● DATA EXTRACT:
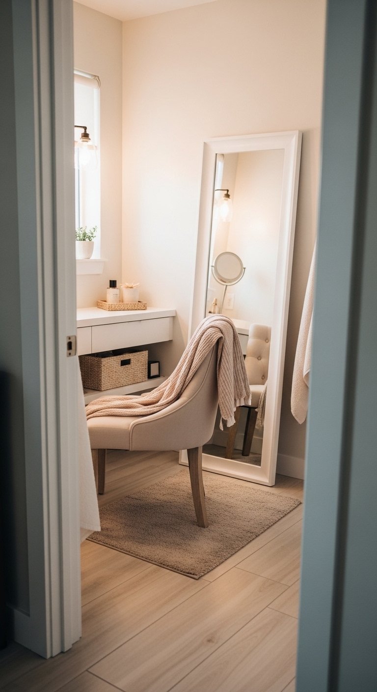 A private dressing nook turns your large bathroom into a more complete and functional space. Use a corner or section of the room to add a comfortable chair, a small mirror, and simple storage for clothing or accessories. Choose soft fabrics and neutral tones to keep the area calm and cohesive. Add a small rug to define the space and make it feel separate from the rest of the bathroom. This idea adds convenience without requiring a separate room.
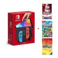جهاز الألعاب نينتيندو سويتش أو إل إي دي نيون + ٣ ألعاب فيديو (بي سي آر) - أحمر أزرق
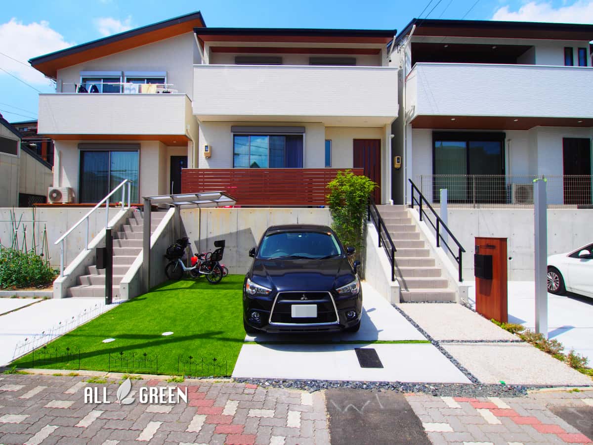 木調の門塀と人工芝の緑が目を引く名古屋市瑞穂区の新築外構工事
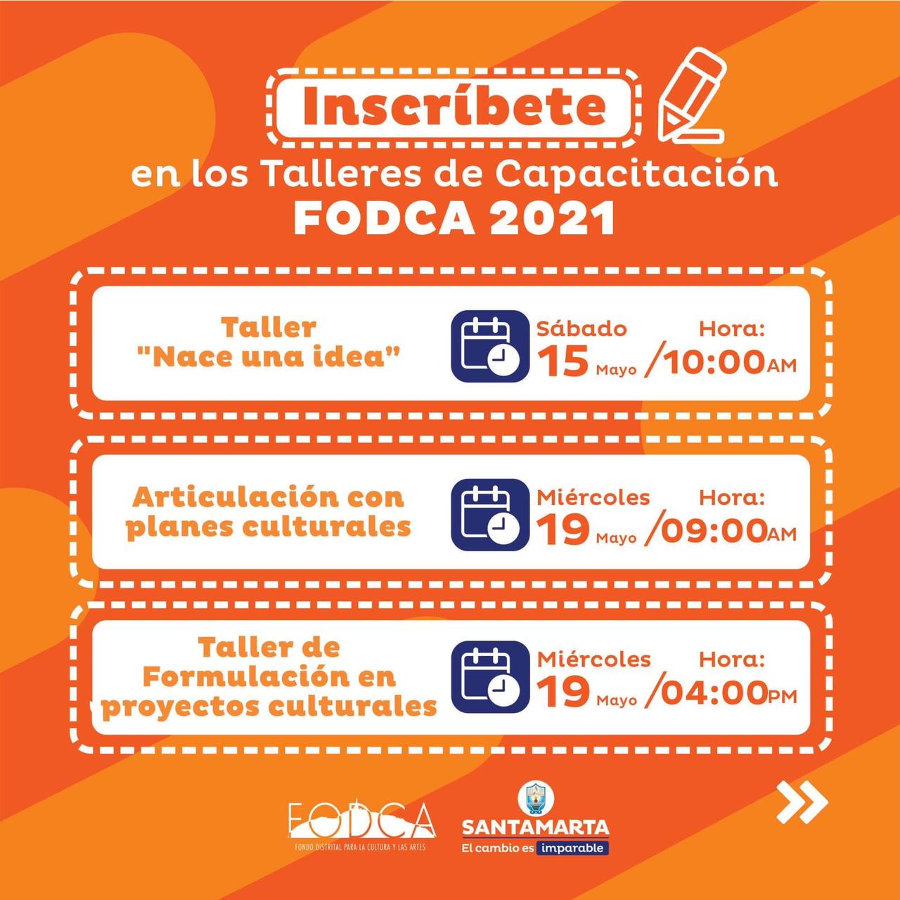 Estos talleres de capacitación se desarrollan en el marco de la Convocatoria 2021 del Fondo Distrital para la Cultura y las Artes – FODCA, implementada con el objetivo de reactivar al sector, uno de los más afectados por la pandemia del Covid-19.
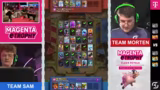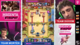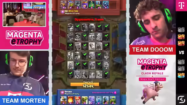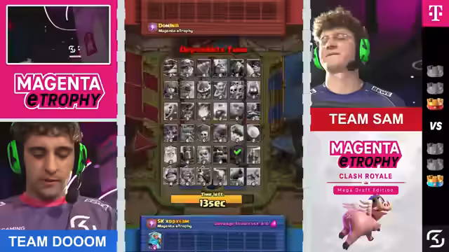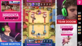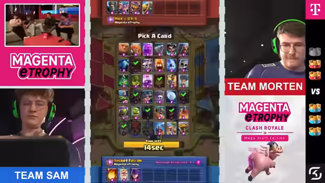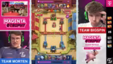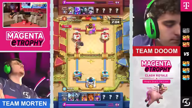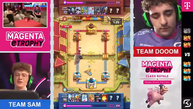 01:17:08Für das zweite Match zwischen Team Morton und Team Sam wurden die Paarungen bekanntgegeben: Geister von Morton spielte gegen Max von Sam. Die Draft-Phase war komplex und voller unerwarteter Picks. Beide Teams unternahmen unkonventionelle Züge, wobei Max beispielsweise Elixir Golem und Geister Ghost, Geister Kaiser wählte. Dies führte zu einem sehr unübersichtlichen und taktisch komplizierten Spiel mit vielen ungewöhnlichen Entscheidungen und Karteninteraktionen.
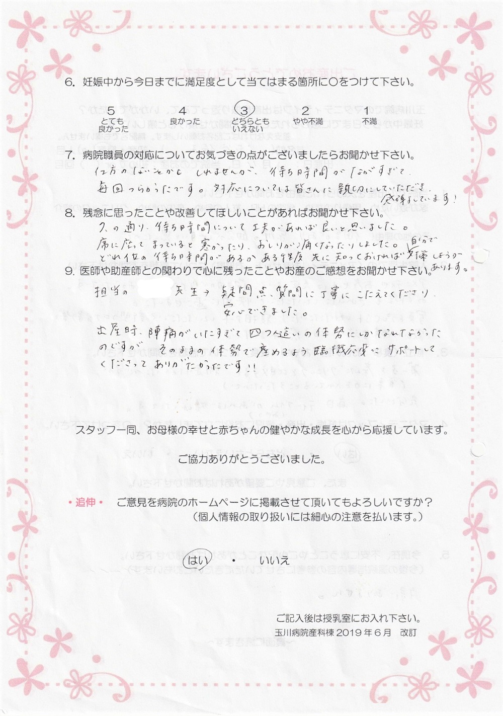 【9】 担当の○○先生→疑問点、質問に丁寧にこたえてくださり、安心出来ました。出産時、陣痛がいたすぎて四つん這いの体勢にしかなれなかったのですが、そのままの体勢で産めるよう臨機応変にサポートしてくださってありがたかったです!!
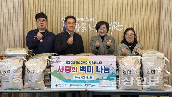 ▲ 롯데이네오스화학은 11일 대한적십자사 울산지사와 함께 도산노인복지관과 함월노인복지관에서 ‘사랑의 백미 나눔 전달식’을 열고 500만원 상당 백미 182포를 후원했다.롯데이네오스화학은 11일 대한적십자사 울산지사와 함께 도산노인복지관과 함월노인복지관에서 ‘사랑의 백미 나눔 전달식’을 열고 500만원 상당 백미 182포를 후원했다. 저작권자 © 울산일보 무단전재 및 재배포 금지 서정혜 기자 다른기사 보기 페이스북 트위터 카카오스토리 URL복사 기사공유하기
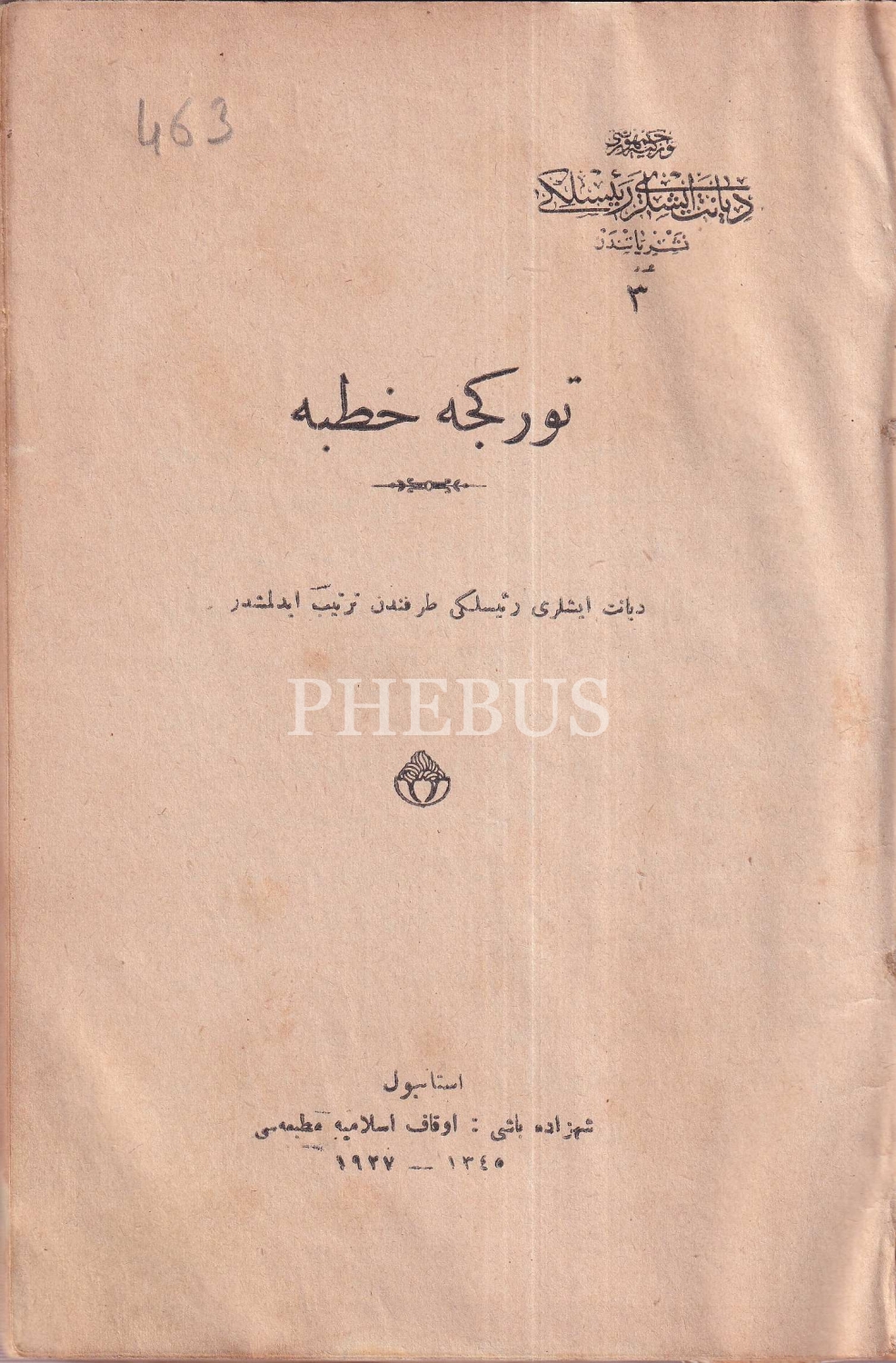 Türkçe Hutbe, Diyanet İşleri Reisliği, İstanbul 1927, Evkâf Matbaası, 269+8+2, 14x20 cm
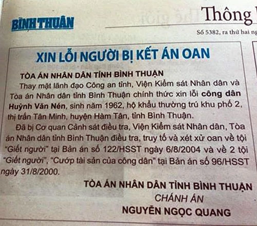 Nội dung thông báo Xin lỗi người bị kết án oan nêu rõ: “TAND tỉnh Bình Thuận thay mặt lãnh đạo Công an tỉnh, VKSND và TAND tỉnh Bình Thuận chính thức xin lỗi công dân Huỳnh Văn Nén, sinh năm 1962, hộ khẩu thường trú khu phố 2, thị trấn Tân Minh, huyện Hàm Tân, tỉnh Bình Thuận đã bị Cơ quan CSĐT, VKSND, TAND tỉnh Bình Thuận điều tra, truy tố, xét xử oan về tội giết người tại Bản án số 122/HSST ngày 6-8-2004 (kết án năm năm vụ “Vườn điều” - PV) và về hai tội giết người, cướp tài sản của công dân tại Bản án số 96/HSST ngày 31-8-2000 (bị kết án chung thân - PV). Thay mặt TAND tỉnh Bình Thuận, Chánh án Nguyễn Ngọc Quang”.

● EXERCISE REQUIREMENTS: Without the pictures, restate all of the entries word for word.

● WORKED SOLUTION:
 A private dressing nook turns your large bathroom into a more complete and functional space. Use a corner or section of the room to add a comfortable chair, a small mirror, and simple storage for clothing or accessories. Choose soft fabrics and neutral tones to keep the area calm and cohesive. Add a small rug to define the space and make it feel separate from the rest of the bathroom. This idea adds convenience without requiring a separate room.
جهاز الألعاب نينتيندو سويتش أو إل إي دي نيون + ٣ ألعاب فيديو (بي سي آر) - أحمر أزرق
 木調の門塀と人工芝の緑が目を引く名古屋市瑞穂区の新築外構工事
 Estos talleres de capacitación se desarrollan en el marco de la Convocatoria 2021 del Fondo Distrital para la Cultura y las Artes – FODCA, implementada con el objetivo de reactivar al sector, uno de los más afectados por la pandemia del Covid-19.
 01:17:08Für das zweite Match zwischen Team Morton und Team Sam wurden die Paarungen bekanntgegeben: Geister von Morton spielte gegen Max von Sam. Die Draft-Phase war komplex und voller unerwarteter Picks. Beide Teams unternahmen unkonventionelle Züge, wobei Max beispielsweise Elixir Golem und Geister Ghost, Geister Kaiser wählte. Dies führte zu einem sehr unübersichtlichen und taktisch komplizierten Spiel mit vielen ungewöhnlichen Entscheidungen und Karteninteraktionen.
 【9】 担当の○○先生→疑問点、質問に丁寧にこたえてくださり、安心出来ました。出産時、陣痛がいたすぎて四つん這いの体勢にしかなれなかったのですが、そのままの体勢で産めるよう臨機応変にサポートしてくださってありがたかったです!!
 ▲ 롯데이네오스화학은 11일 대한적십자사 울산지사와 함께 도산노인복지관과 함월노인복지관에서 ‘사랑의 백미 나눔 전달식’을 열고 500만원 상당 백미 182포를 후원했다.롯데이네오스화학은 11일 대한적십자사 울산지사와 함께 도산노인복지관과 함월노인복지관에서 ‘사랑의 백미 나눔 전달식’을 열고 500만원 상당 백미 182포를 후원했다. 저작권자 © 울산일보 무단전재 및 재배포 금지 서정혜 기자 다른기사 보기 페이스북 트위터 카카오스토리 URL복사 기사공유하기
 Türkçe Hutbe, Diyanet İşleri Reisliği, İstanbul 1927, Evkâf Matbaası, 269+8+2, 14x20 cm
 Nội dung thông báo Xin lỗi người bị kết án oan nêu rõ: “TAND tỉnh Bình Thuận thay mặt lãnh đạo Công an tỉnh, VKSND và TAND tỉnh Bình Thuận chính thức xin lỗi công dân Huỳnh Văn Nén, sinh năm 1962, hộ khẩu thường trú khu phố 2, thị trấn Tân Minh, huyện Hàm Tân, tỉnh Bình Thuận đã bị Cơ quan CSĐT, VKSND, TAND tỉnh Bình Thuận điều tra, truy tố, xét xử oan về tội giết người tại Bản án số 122/HSST ngày 6-8-2004 (kết án năm năm vụ “Vườn điều” - PV) và về hai tội giết người, cướp tài sản của công dân tại Bản án số 96/HSST ngày 31-8-2000 (bị kết án chung thân - PV). Thay mặt TAND tỉnh Bình Thuận, Chánh án Nguyễn Ngọc Quang”.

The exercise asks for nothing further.